(Saved data entries)

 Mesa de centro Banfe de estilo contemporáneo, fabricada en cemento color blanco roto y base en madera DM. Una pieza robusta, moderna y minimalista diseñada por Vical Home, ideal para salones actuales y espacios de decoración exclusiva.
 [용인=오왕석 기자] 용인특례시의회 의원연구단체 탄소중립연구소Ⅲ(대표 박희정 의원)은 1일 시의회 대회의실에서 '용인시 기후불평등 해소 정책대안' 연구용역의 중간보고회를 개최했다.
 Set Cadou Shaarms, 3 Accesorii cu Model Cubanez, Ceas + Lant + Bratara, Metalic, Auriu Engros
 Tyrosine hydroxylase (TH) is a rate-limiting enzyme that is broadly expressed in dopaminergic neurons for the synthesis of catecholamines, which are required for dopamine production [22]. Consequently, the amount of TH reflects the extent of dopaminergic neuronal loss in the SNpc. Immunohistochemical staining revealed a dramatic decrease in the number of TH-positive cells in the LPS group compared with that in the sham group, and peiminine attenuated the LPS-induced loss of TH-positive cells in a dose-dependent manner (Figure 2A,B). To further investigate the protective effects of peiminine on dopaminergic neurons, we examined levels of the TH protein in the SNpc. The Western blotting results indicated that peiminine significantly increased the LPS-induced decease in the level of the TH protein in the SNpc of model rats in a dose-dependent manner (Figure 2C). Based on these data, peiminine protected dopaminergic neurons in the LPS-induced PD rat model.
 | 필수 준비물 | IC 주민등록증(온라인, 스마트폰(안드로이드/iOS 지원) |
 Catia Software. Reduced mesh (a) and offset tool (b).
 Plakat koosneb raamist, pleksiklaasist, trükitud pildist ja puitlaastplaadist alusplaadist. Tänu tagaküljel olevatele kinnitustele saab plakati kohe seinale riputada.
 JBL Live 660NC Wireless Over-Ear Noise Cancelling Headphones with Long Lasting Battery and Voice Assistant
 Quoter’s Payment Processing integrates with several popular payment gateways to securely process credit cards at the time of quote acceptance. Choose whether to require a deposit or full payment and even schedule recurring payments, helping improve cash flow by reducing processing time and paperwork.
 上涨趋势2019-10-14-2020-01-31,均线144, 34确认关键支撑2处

* TO DO
For this task, write out exactly the lines of the entries above, starting at the line with "[용인=오왕석 기자] 용인특례시의회" and ending at the line with "Set Cadou Shaarms, 3", both included, and no others.

* ANSWER AREA
 [용인=오왕석 기자] 용인특례시의회 의원연구단체 탄소중립연구소Ⅲ(대표 박희정 의원)은 1일 시의회 대회의실에서 '용인시 기후불평등 해소 정책대안' 연구용역의 중간보고회를 개최했다.
 Set Cadou Shaarms, 3 Accesorii cu Model Cubanez, Ceas + Lant + Bratara, Metalic, Auriu Engros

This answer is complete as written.